• BRIEF
Each line from the top of the listing down to and including the line with "Kétajtós szekrény, KORA" must be duplicated exactly; pictures are to be skipped.

• DATA PROVIDED
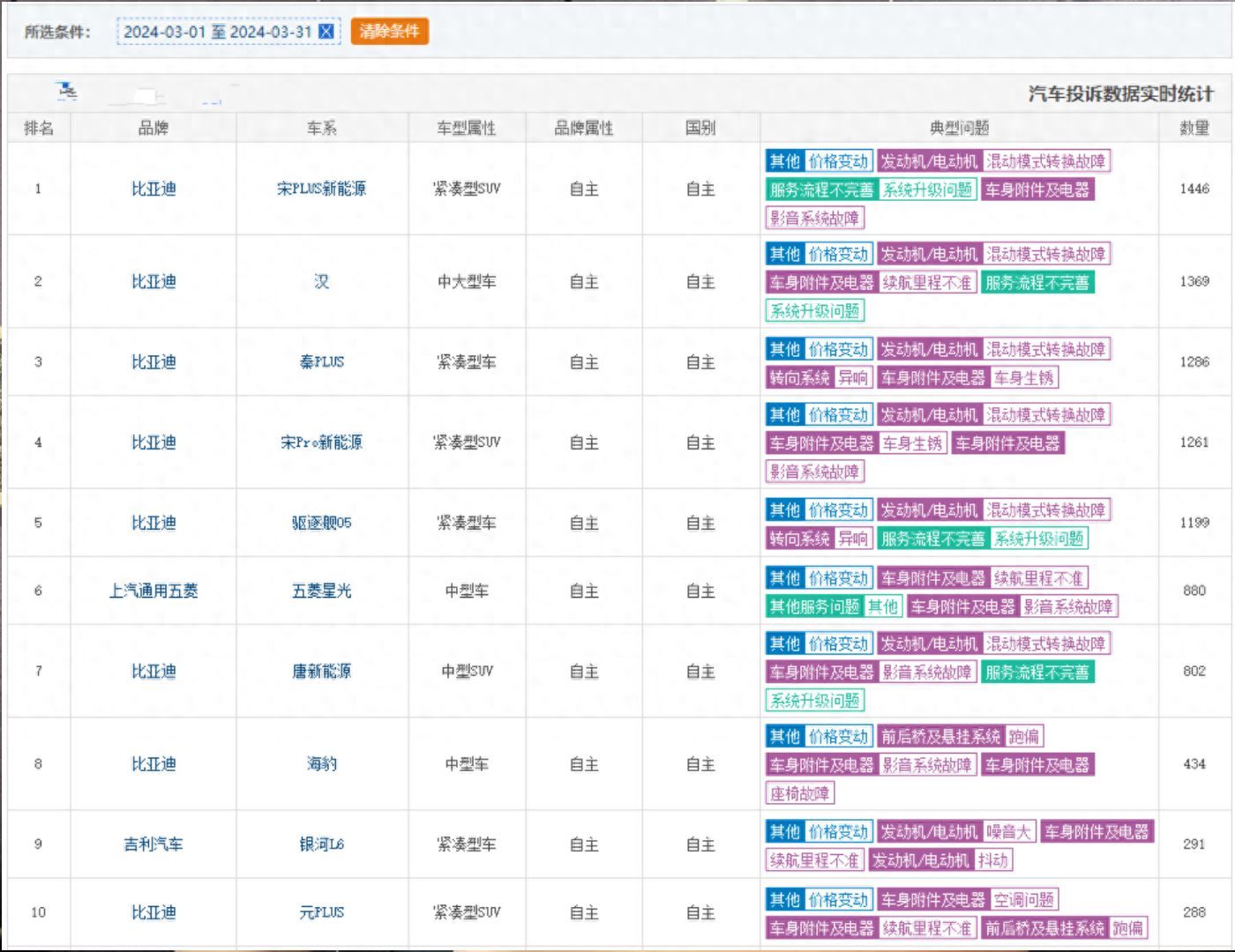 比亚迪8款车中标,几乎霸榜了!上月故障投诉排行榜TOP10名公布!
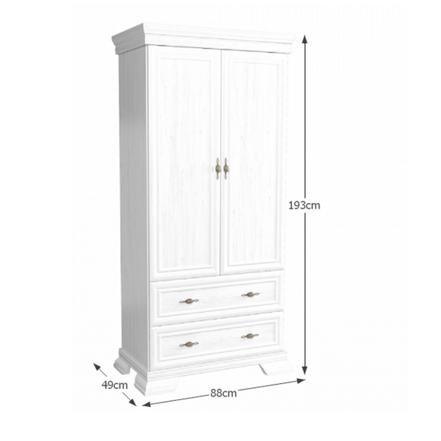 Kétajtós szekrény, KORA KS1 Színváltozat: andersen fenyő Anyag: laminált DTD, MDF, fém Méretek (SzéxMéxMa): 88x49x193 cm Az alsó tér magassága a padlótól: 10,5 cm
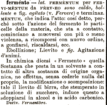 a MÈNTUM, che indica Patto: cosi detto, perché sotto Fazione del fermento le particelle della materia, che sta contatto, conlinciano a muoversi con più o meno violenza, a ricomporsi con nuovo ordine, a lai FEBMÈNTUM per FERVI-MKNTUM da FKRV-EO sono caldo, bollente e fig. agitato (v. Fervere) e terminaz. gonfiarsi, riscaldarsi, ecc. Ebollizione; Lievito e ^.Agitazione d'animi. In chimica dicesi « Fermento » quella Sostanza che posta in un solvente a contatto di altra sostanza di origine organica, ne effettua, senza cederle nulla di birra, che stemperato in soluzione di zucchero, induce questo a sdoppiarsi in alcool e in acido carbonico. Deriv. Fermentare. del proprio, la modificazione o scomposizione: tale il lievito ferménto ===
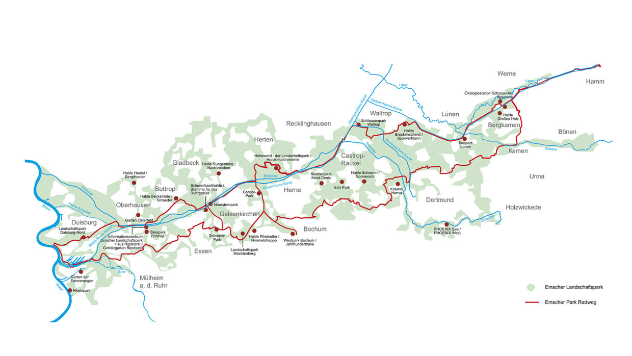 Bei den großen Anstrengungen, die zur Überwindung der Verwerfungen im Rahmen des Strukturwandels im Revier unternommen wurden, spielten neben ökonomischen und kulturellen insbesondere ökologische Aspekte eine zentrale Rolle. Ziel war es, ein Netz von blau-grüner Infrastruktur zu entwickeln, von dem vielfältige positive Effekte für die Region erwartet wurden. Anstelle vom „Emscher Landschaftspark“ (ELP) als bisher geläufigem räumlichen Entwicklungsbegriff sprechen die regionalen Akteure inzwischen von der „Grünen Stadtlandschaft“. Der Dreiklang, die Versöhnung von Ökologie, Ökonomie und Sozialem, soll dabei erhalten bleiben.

• OUTPUT
 比亚迪8款车中标,几乎霸榜了!上月故障投诉排行榜TOP10名公布!
 Kétajtós szekrény, KORA KS1 Színváltozat: andersen fenyő Anyag: laminált DTD, MDF, fém Méretek (SzéxMéxMa): 88x49x193 cm Az alsó tér magassága a padlótól: 10,5 cm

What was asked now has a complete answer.